→ **Task goal**: Each record, word for word and stripped of pictures, is what the answer should contain.

*** Block opens ***

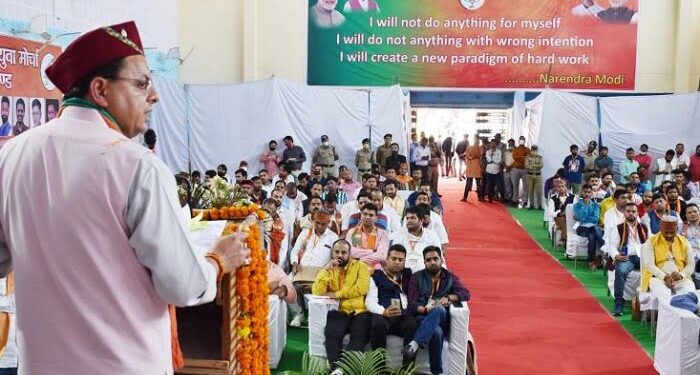 चमोली। मुख्यमंत्री पुष्कर सिंह धामी रविवार को गोपेश्वर पहंुचे। गोपेश्वर पहुंचने पर खेल मैदान में पुलिस के जवानों द्वारा उन्हें गॉड ऑफ ऑनर दिया गया। साथ ही जिलाधिकारी हिमांशु खुराना ने पुष्प गुच्छ देकर मुख्यमंत्री का स्वागत किया। इसके बाद मुख्यमंत्री ने पीजी कालेज गोपेश्वर के व्यायमशाला पहुंचकर भाजयुमो प्रदेश कार्यसमिति की बैठक व जनता मिलन कार्यक्रम में प्रतिभाग किया। मुख्यमंत्री के साथ भाजपा प्रदेश अध्यक्ष मदन कौशिक भी मौजूद रहे। युवा मोर्चा प्रदेश अध्यक्ष ने मुख्यमंत्री को स्मृति चिन्ह व शॉल भेंट की। उन्होंने कहा कि उत्तराखण्ड बने 21 साल हो गए हैं जब हम राज्य 25 वर्ष में होगा तो हिन्दुस्थान का आदर्श राज्य होगा जो भी घोषणा प्रदेश सरकार ने की है, वे सब धरातल पर दिख रही हैं।
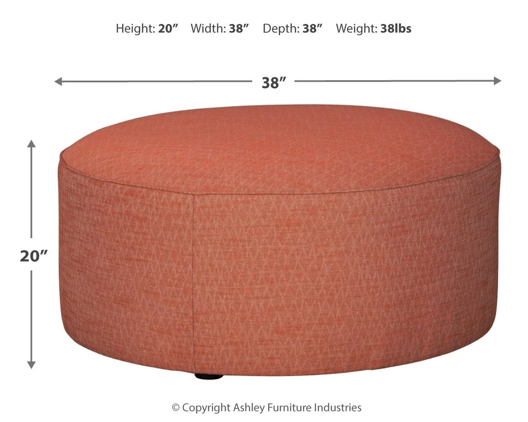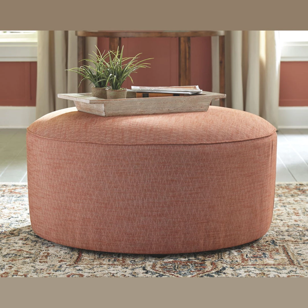 Cushy enough for soothing comfort yet firm enough to support a serving tray, this round oversized ottoman is a pleasure to have around, indeed. Sporting a terracotta-tone upholstery with a subtle diamond pattern, this designer ottoman is sure to round out your space in style.
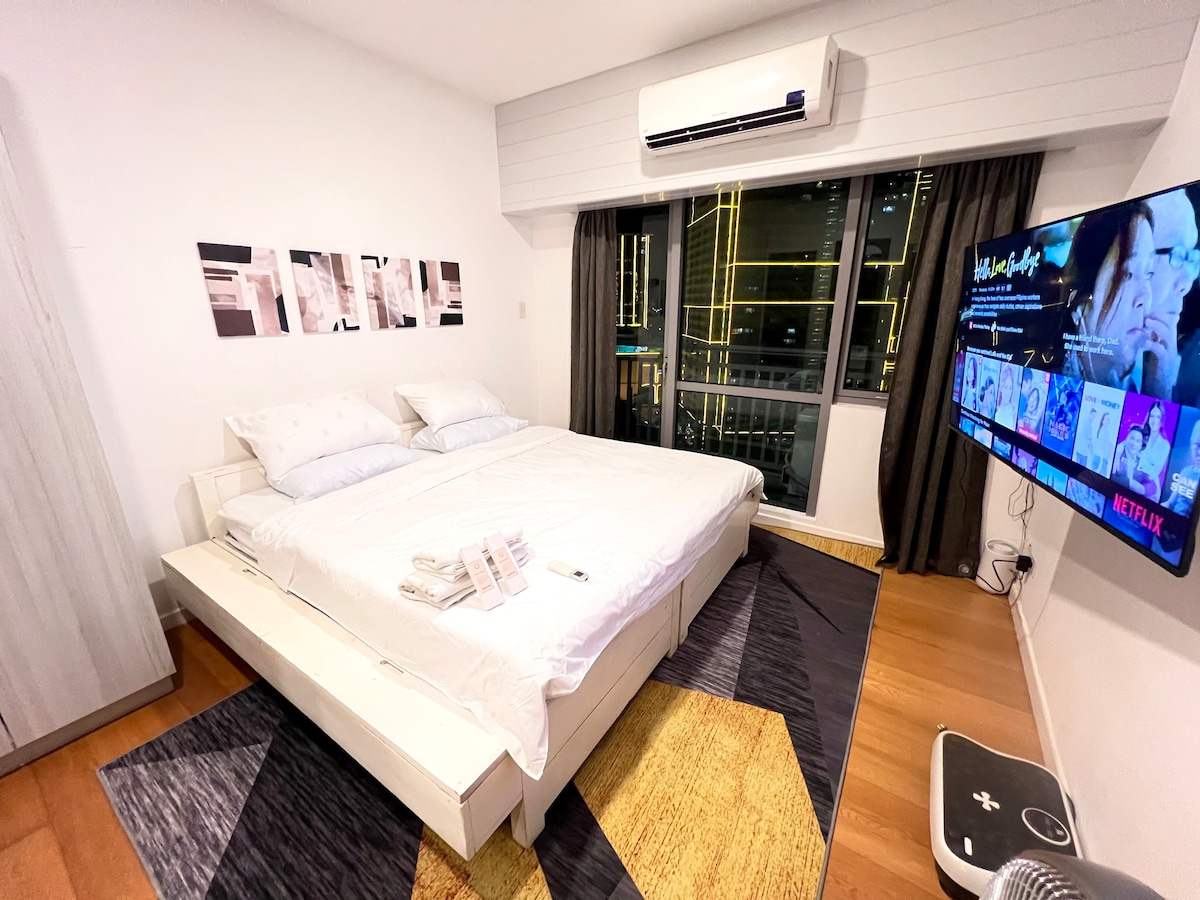 Escape to a high-floor suite with breathtaking BGC skyline views, cinematic JBL surround sound, and a 55-inch Full 4K Smart TV with LED mood lighting—your ultimate movie night haven. Take in the scenery with high-grade binoculars, then sink into the ultra-comfy Emma® Cloud-Bed for a perfect night’s sleep. Far from city noise yet close to everything, enjoy fast WiFi, Netflix, Disney+ and more! Truly a fully equipped space for a seamless, unforgettable staycation experience with Cinema 27!
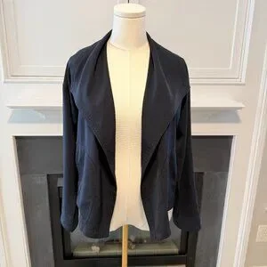 Keywords: open front jacket, drape blazer, lightweight blazer, navy cardigan jacket, max studio jacket, casual work blazer, layering jacket
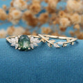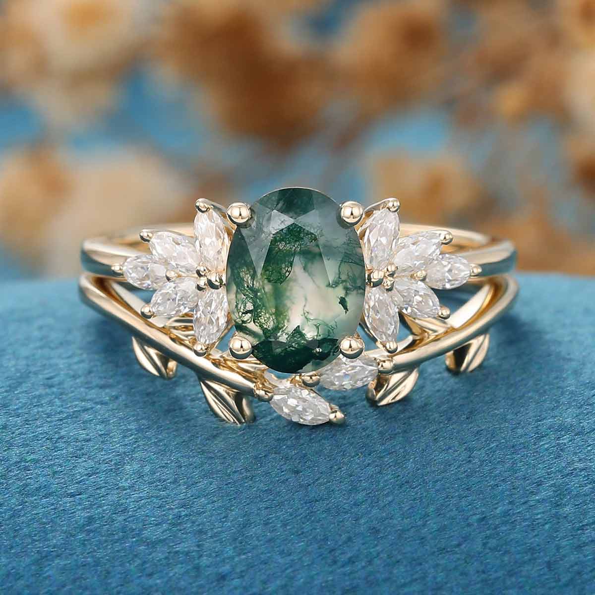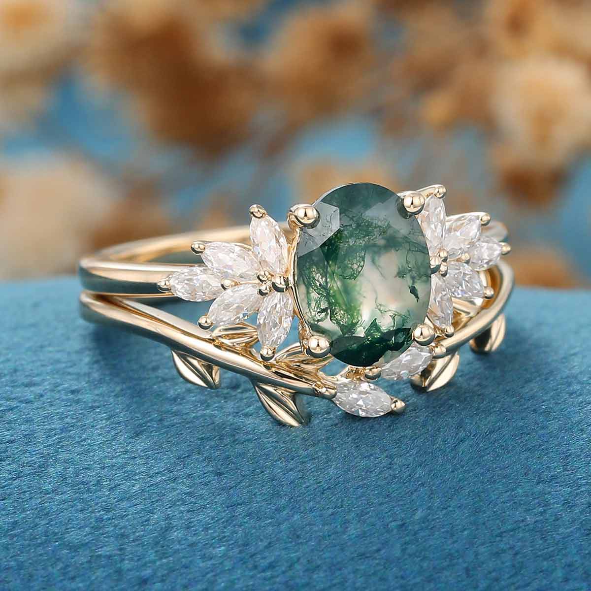 Natural Green Moss Agate Oval Cluster WeddingBridal Sets
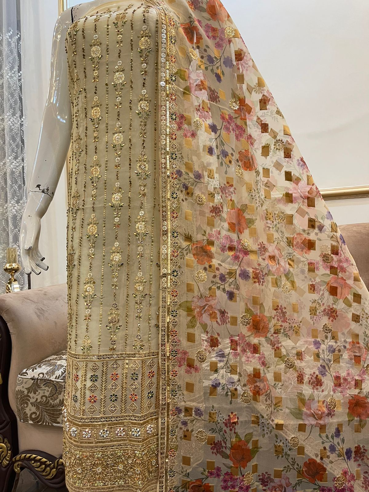 New Pure Chiffon Bareeze All Over Embroidered Front Very Decent Outfit Having Chicken Kari Borders With Embroidered Dupatta
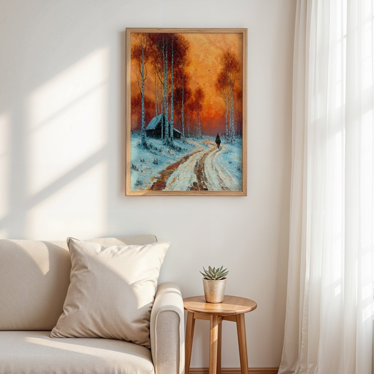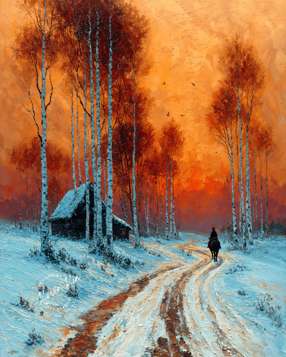 In Scarlet, a lone horseman follows a winding snow-covered path, the crisp air tinged with the glow of a blazing crimson sunset. Tall birch trees, their pale trunks etched in sharp relief, rise like guardians along the road, their rust-red crowns ablaze in the dying light.
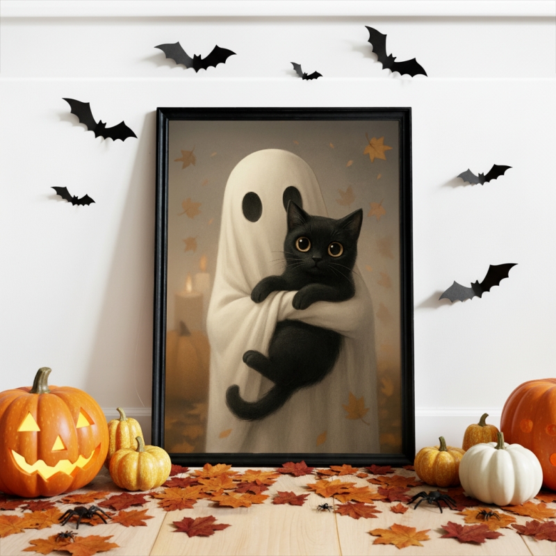 Новий Постер подарунок на Хеловін Привид з чорним котом Збільшити для перегляду
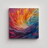 Recomendamos colocar este cuadro en un salón o estudio, combinándolo con muebles de colores neutros para resaltar su vibrante paleta de tonos azules, naranjas y morados También puede ser una excelente opción para darle vida a un dormitorio o sala de estar con una decoración moderna
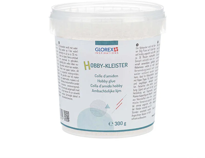 Hobby Kleister Universell verwendbare, gelartige Klebemasse. Ideal für Klebearbeiten mit Papier, Pappe, Filz, Tapeten und saugfähigen Werkstoffen. Eignet sich auch für die Herstellung von Pappmaché. Besteht aus Naturstoffen ohne chemische Konservierungsmittel...
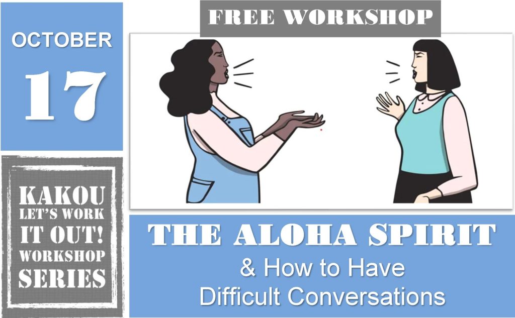 Community members are invited to talk story about “The Aloha Spirit and How to Have Difficult Conversations” during a free public workshop in honor of International Conflict Resolution Day next week.
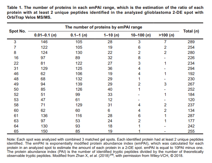 Table 1. The number of proteins in each emPAI range, which is the estimation of the ratio of each protein with at least 2 unique peptides identified in the analyzed glioblastoma 2-DE spot with OrbiTrap Velos MS/MS.
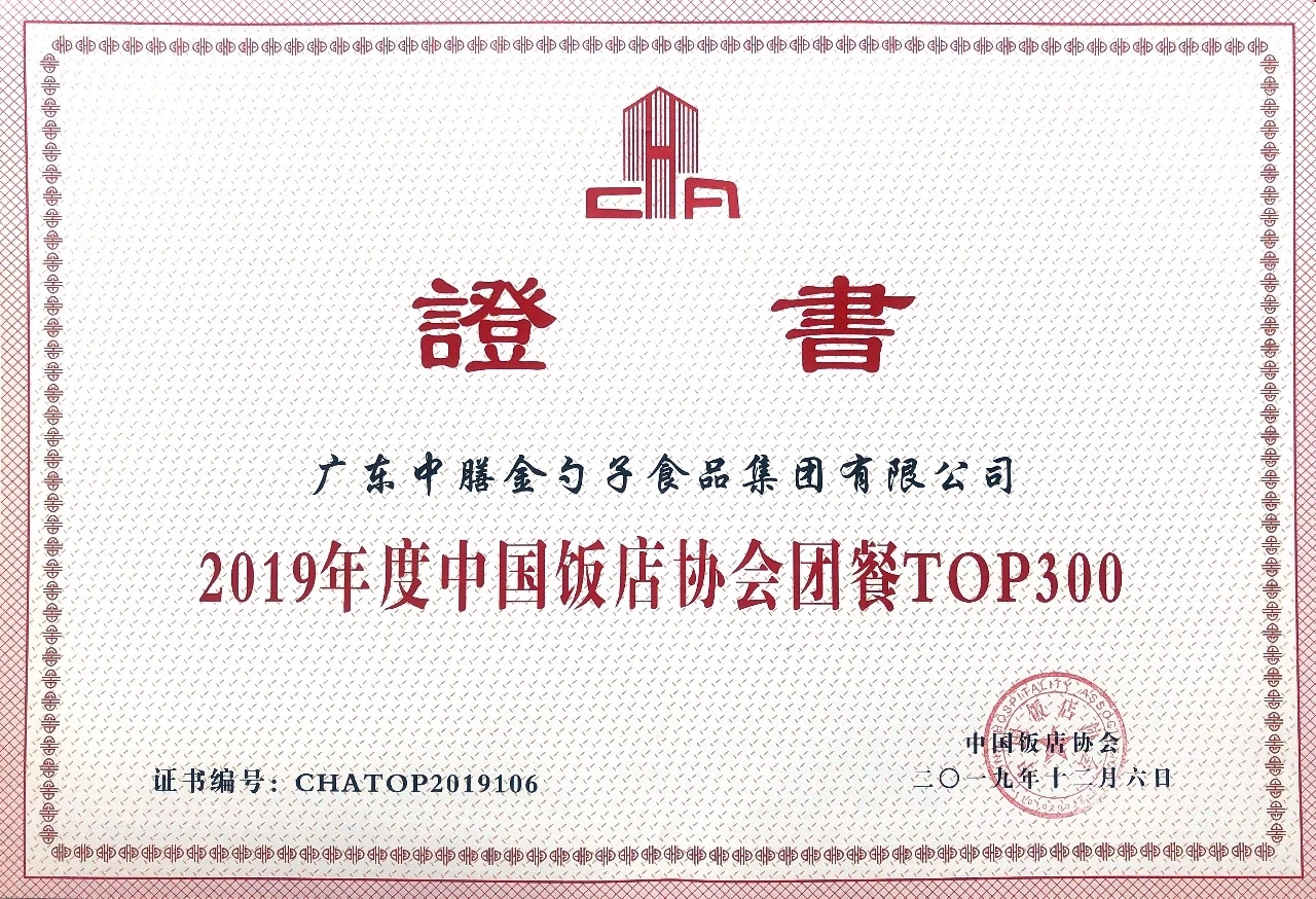 喜訊|中膳金勺子食品集團(tuán)榮膺2019年度中國(guó)飯店協(xié)會(huì)團(tuán)餐300強(qiáng)
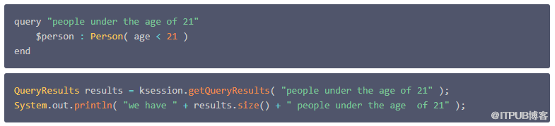 查询名称对于 KIE 库是全局的,因此在项目中的所有其他规则查询中必须是唯一的。返回查询结果ksession.getQueryResults("name"),其中"name"是查询名称。
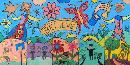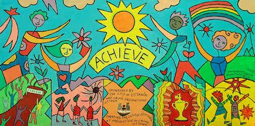 This mural is highly visible on a outside wall of the Boys and Girls Club of Ottawa.
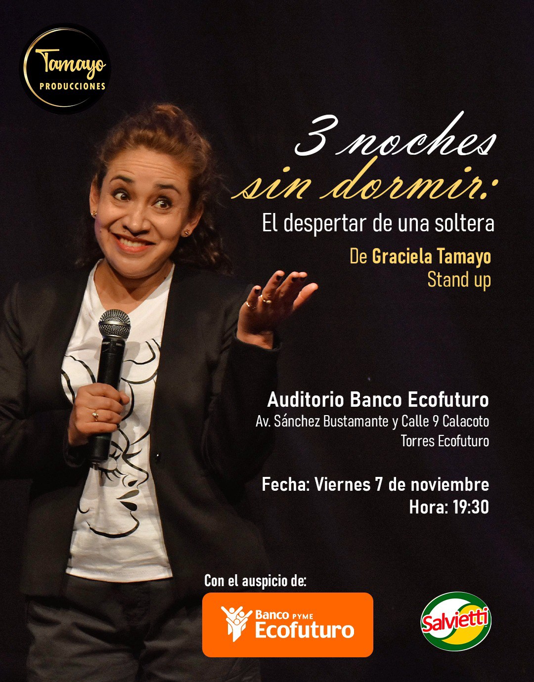 El viernes 7 de noviembre se presentará la exitosa obra unipersonal Tres noches sin dormir: el despertar de una soltera, una comedia multimedia que combina teatro, stand up y video en escena. La pieza, escrita por Antonio Torres y Graciela Tamayo, y dirigida por Torres, ha sido reconocida con una Mención de Honor en el … Leer más

*** Block closes ***

→ **Task answer**:
 चमोली। मुख्यमंत्री पुष्कर सिंह धामी रविवार को गोपेश्वर पहंुचे। गोपेश्वर पहुंचने पर खेल मैदान में पुलिस के जवानों द्वारा उन्हें गॉड ऑफ ऑनर दिया गया। साथ ही जिलाधिकारी हिमांशु खुराना ने पुष्प गुच्छ देकर मुख्यमंत्री का स्वागत किया। इसके बाद मुख्यमंत्री ने पीजी कालेज गोपेश्वर के व्यायमशाला पहुंचकर भाजयुमो प्रदेश कार्यसमिति की बैठक व जनता मिलन कार्यक्रम में प्रतिभाग किया। मुख्यमंत्री के साथ भाजपा प्रदेश अध्यक्ष मदन कौशिक भी मौजूद रहे। युवा मोर्चा प्रदेश अध्यक्ष ने मुख्यमंत्री को स्मृति चिन्ह व शॉल भेंट की। उन्होंने कहा कि उत्तराखण्ड बने 21 साल हो गए हैं जब हम राज्य 25 वर्ष में होगा तो हिन्दुस्थान का आदर्श राज्य होगा जो भी घोषणा प्रदेश सरकार ने की है, वे सब धरातल पर दिख रही हैं।
 Cushy enough for soothing comfort yet firm enough to support a serving tray, this round oversized ottoman is a pleasure to have around, indeed. Sporting a terracotta-tone upholstery with a subtle diamond pattern, this designer ottoman is sure to round out your space in style.
 Escape to a high-floor suite with breathtaking BGC skyline views, cinematic JBL surround sound, and a 55-inch Full 4K Smart TV with LED mood lighting—your ultimate movie night haven. Take in the scenery with high-grade binoculars, then sink into the ultra-comfy Emma® Cloud-Bed for a perfect night’s sleep. Far from city noise yet close to everything, enjoy fast WiFi, Netflix, Disney+ and more! Truly a fully equipped space for a seamless, unforgettable staycation experience with Cinema 27!
 Keywords: open front jacket, drape blazer, lightweight blazer, navy cardigan jacket, max studio jacket, casual work blazer, layering jacket
 Natural Green Moss Agate Oval Cluster WeddingBridal Sets
 New Pure Chiffon Bareeze All Over Embroidered Front Very Decent Outfit Having Chicken Kari Borders With Embroidered Dupatta
 In Scarlet, a lone horseman follows a winding snow-covered path, the crisp air tinged with the glow of a blazing crimson sunset. Tall birch trees, their pale trunks etched in sharp relief, rise like guardians along the road, their rust-red crowns ablaze in the dying light.
 Новий Постер подарунок на Хеловін Привид з чорним котом Збільшити для перегляду
 Recomendamos colocar este cuadro en un salón o estudio, combinándolo con muebles de colores neutros para resaltar su vibrante paleta de tonos azules, naranjas y morados También puede ser una excelente opción para darle vida a un dormitorio o sala de estar con una decoración moderna
 Hobby Kleister Universell verwendbare, gelartige Klebemasse. Ideal für Klebearbeiten mit Papier, Pappe, Filz, Tapeten und saugfähigen Werkstoffen. Eignet sich auch für die Herstellung von Pappmaché. Besteht aus Naturstoffen ohne chemische Konservierungsmittel...
 Community members are invited to talk story about “The Aloha Spirit and How to Have Difficult Conversations” during a free public workshop in honor of International Conflict Resolution Day next week.
 Table 1. The number of proteins in each emPAI range, which is the estimation of the ratio of each protein with at least 2 unique peptides identified in the analyzed glioblastoma 2-DE spot with OrbiTrap Velos MS/MS.
 喜訊|中膳金勺子食品集團(tuán)榮膺2019年度中國(guó)飯店協(xié)會(huì)團(tuán)餐300強(qiáng)
 查询名称对于 KIE 库是全局的,因此在项目中的所有其他规则查询中必须是唯一的。返回查询结果ksession.getQueryResults("name"),其中"name"是查询名称。
 This mural is highly visible on a outside wall of the Boys and Girls Club of Ottawa.
 El viernes 7 de noviembre se presentará la exitosa obra unipersonal Tres noches sin dormir: el despertar de una soltera, una comedia multimedia que combina teatro, stand up y video en escena. La pieza, escrita por Antonio Torres y Graciela Tamayo, y dirigida por Torres, ha sido reconocida con una Mención de Honor en el … Leer más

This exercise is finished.